Systems Bill of Materials (SBoM) & Tacos
You’re planning a party for the end of COVID-19. Some of your friends are gluten-free and some are vegetarians. The menu is Tacos, ’cause who doesn’t love tacos?
You order gluten-free corn and flour tortillas, a variety of vegetables, and of course, avocados to make fresh guacamole. You even plan separate serving areas and utensils to not cross-contaminate.
How do you know what products are gluten-free, and which are made from non-vegetarian ingredients or packaging? Food products have a list of ingredients. The list doesn’t elaborate the full recipe, nor state an opinion of the quality of those ingredients. It factually states the ingredients for consumers to make educated decisions.
In addition to the factual perspective, where is the list of ingredients generated? The ingredients are a factual list of what went into assembling the product.
Can you post-analyze a completed food product and know what went into it? You might perform DNA analysis to understand amylase was in the final product. But was amylase an ingredient, or the result of mixing other ingredients, and it’s what formed when the product was complete? These are important distinctions, and both are valuable.
The list of ingredients is the equivalent of an SBoM. It states the factual aspects consumers need to know.
As of late December 2021, 13 people across six states were diagnosed with the outbreak strain of E. coli O157:H7. It seems the concern over corn and flour tortillas was less of an issue, compared to the bag of lettuce that was used.

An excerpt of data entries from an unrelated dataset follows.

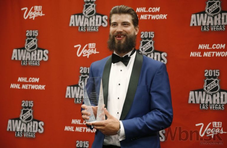 Devan Dubnyk z Minnesoty získal v individuálnom oceňovaní Bill Masterton Memorial trophy za vytrvalosť, športový prístup a oddanosť hokeju. Las Vegas, 24. júna 2015. Foto: SITA/AP
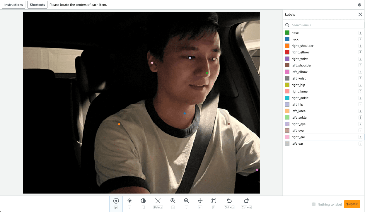 The following screenshot demonstrates a SageMaker Ground Truth labeling job for key points annotation.
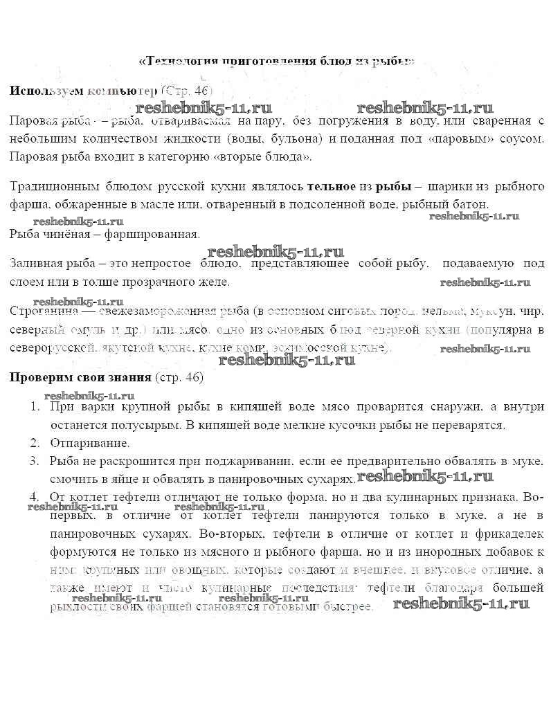 Готовая домашняя работа с ответами по Технологии за 6 класс Синица, Симоненко Учебник Алгоритм успеха Вентана-граф 2019 ФГОС - Страницы 46

The Simple Truth Organic Power Greens ingredients (SBoM) lists:
Organic Spinach, Organic Mizuna, Organic Chard, Organic Baby Kale. Mix May Vary by Season.
Not surprisingly, there’s no mention of E. coli O157:H7, as there was no intent to include E. coli, nor was it known at the time that some of the greens were contaminated.
At the time of packaging, and the time of purchase, everything was fine, or rather it was believed to be fine. Only later, when consumers were diagnosed with E. Coli was an analysis completed. The affected people, across 6 states, all consumed the same product, labeled “Best if used between Nov. 30, 2021, and Jan. 8, 2022”. The packaging wasn’t damaged, it remained sealed, nor was it contaminated along the distribution supply chain. It was a failure in the preparation of the product (the build system).
In the Future, We Learn About Things of the Past
With the knowledge around E. coli contaminations, we can block the consumption of the specific product: Simple Truth Organic Power Greens with a Best if used date between Nov. 30, 2021, and Jan. 8, 2022 label. Is that enough? What can we learn from this event and other outbreaks that help us prevent this vulnerability from making its way into future supply chains? If the risk and recurrence are high enough, manufacturers might choose to proactively test for E. coli before their food product is shipped. The industry might even require testing (scanning) for known vulnerabilities prior to distribution. A scanner may identify known ingredients that are subject to a type of vulnerability and perform further testing. If specific types of lettuce, from specific regions of the world, have proven to be more prone to E. coli contaminations, it might be worth more expensive testing. In the E. coli case, the food processor would need to test their greens as part of the assembly line. Manufacturers could attest they follow the certified process, just as manufacturers endorse products as gluten-free, non–GMO, Kosher, or USDA Organic.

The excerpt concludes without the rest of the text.